%%
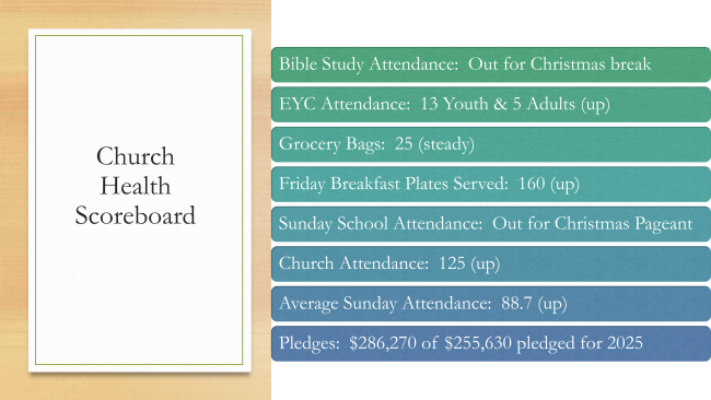If you added someone to the "Prayers of the People" during our worship service please follow up with a phone call to the office and we will add them to next Sunday's prayer list. Also, let us know how the person you requested prayer for is doing.
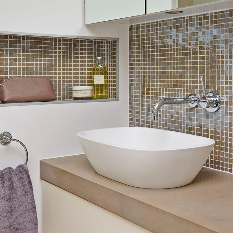 Les étagères "encastrées" dans le mur sont un excellent moyen d'économiser de l'espace, tant sur le plan visuel que visuel, et même de garder les articles de toilette dans un ordre ordonné et faciles d'accès. Pour vraiment gagner de la place, vous devez faire de telles étagères dans les faux murs qui cachent les tuyaux. Pensez également à installer des luminaires encastrés dans ces faux murs - ponctuels ou linéaires.
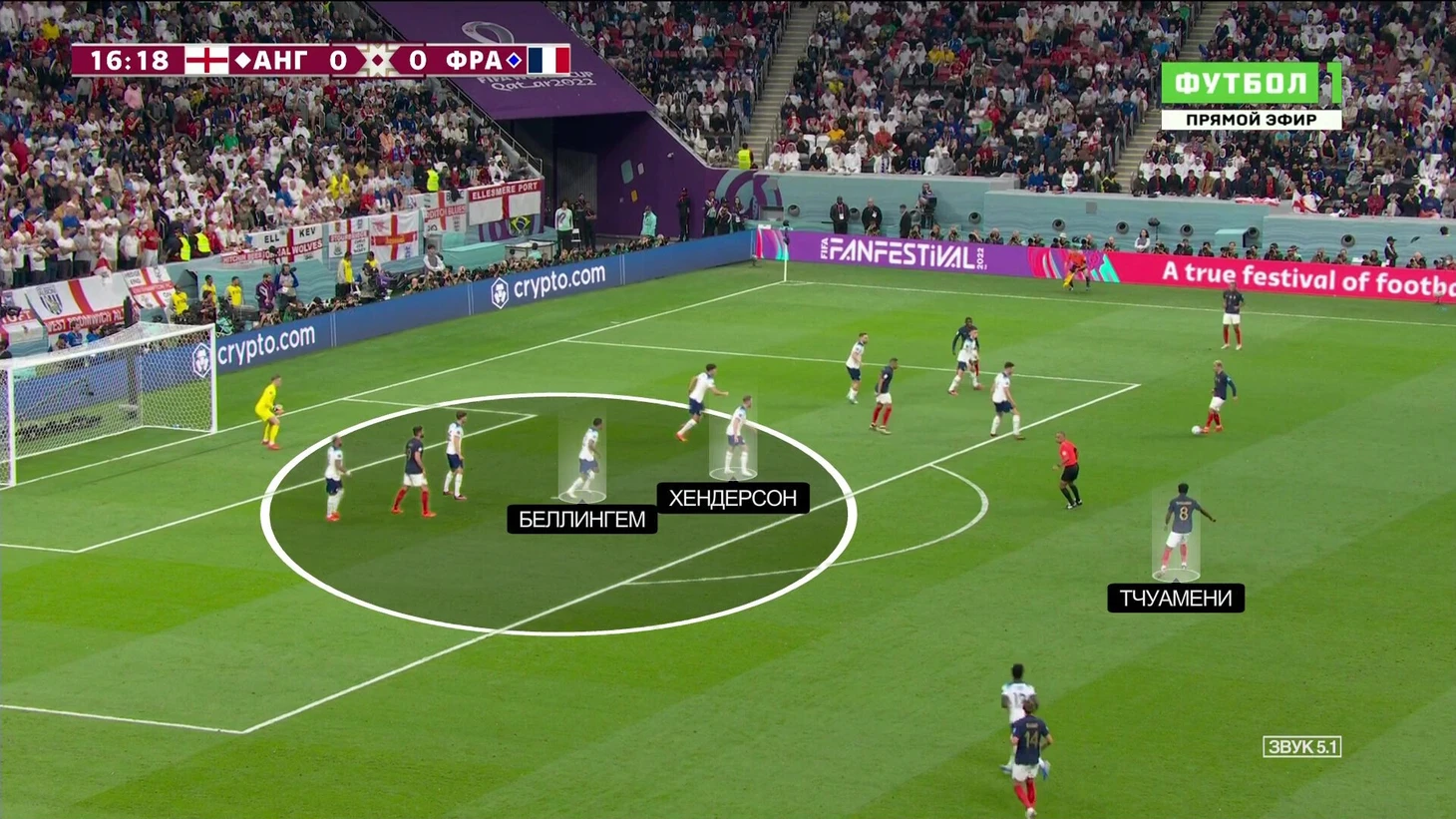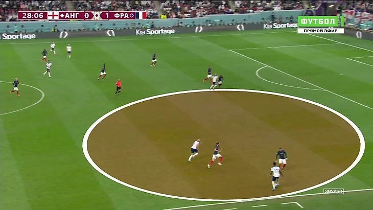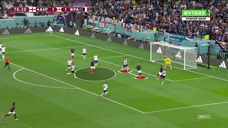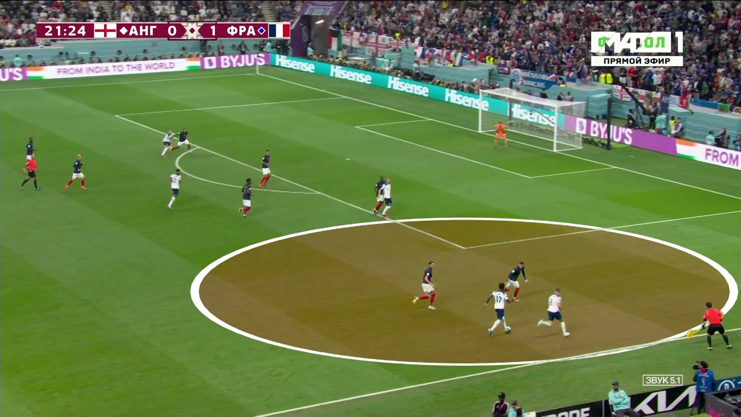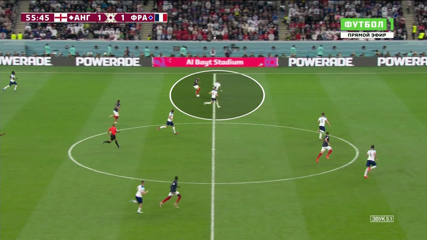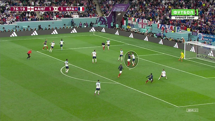 Еще одна ключевая дуэль – Уокер против Мбаппе. Она не про созданные моменты, а про предотвращенные. В описанном выше сценарии, где Франция садится, а Англия давит на уязвимую зону, не было бы ничего страшного, если бы Франция регулярно отвечала контратаками через Мбаппе. Их не было – именно поэтому игра становилась однобокой.
%%
Required work
Would you set down each line of the data exactly, with no images included?

Solution for this exercise
If you added someone to the "Prayers of the People" during our worship service please follow up with a phone call to the office and we will add them to next Sunday's prayer list. Also, let us know how the person you requested prayer for is doing.
 Les étagères "encastrées" dans le mur sont un excellent moyen d'économiser de l'espace, tant sur le plan visuel que visuel, et même de garder les articles de toilette dans un ordre ordonné et faciles d'accès. Pour vraiment gagner de la place, vous devez faire de telles étagères dans les faux murs qui cachent les tuyaux. Pensez également à installer des luminaires encastrés dans ces faux murs - ponctuels ou linéaires.
 Еще одна ключевая дуэль – Уокер против Мбаппе. Она не про созданные моменты, а про предотвращенные. В описанном выше сценарии, где Франция садится, а Англия давит на уязвимую зону, не было бы ничего страшного, если бы Франция регулярно отвечала контратаками через Мбаппе. Их не было – именно поэтому игра становилась однобокой.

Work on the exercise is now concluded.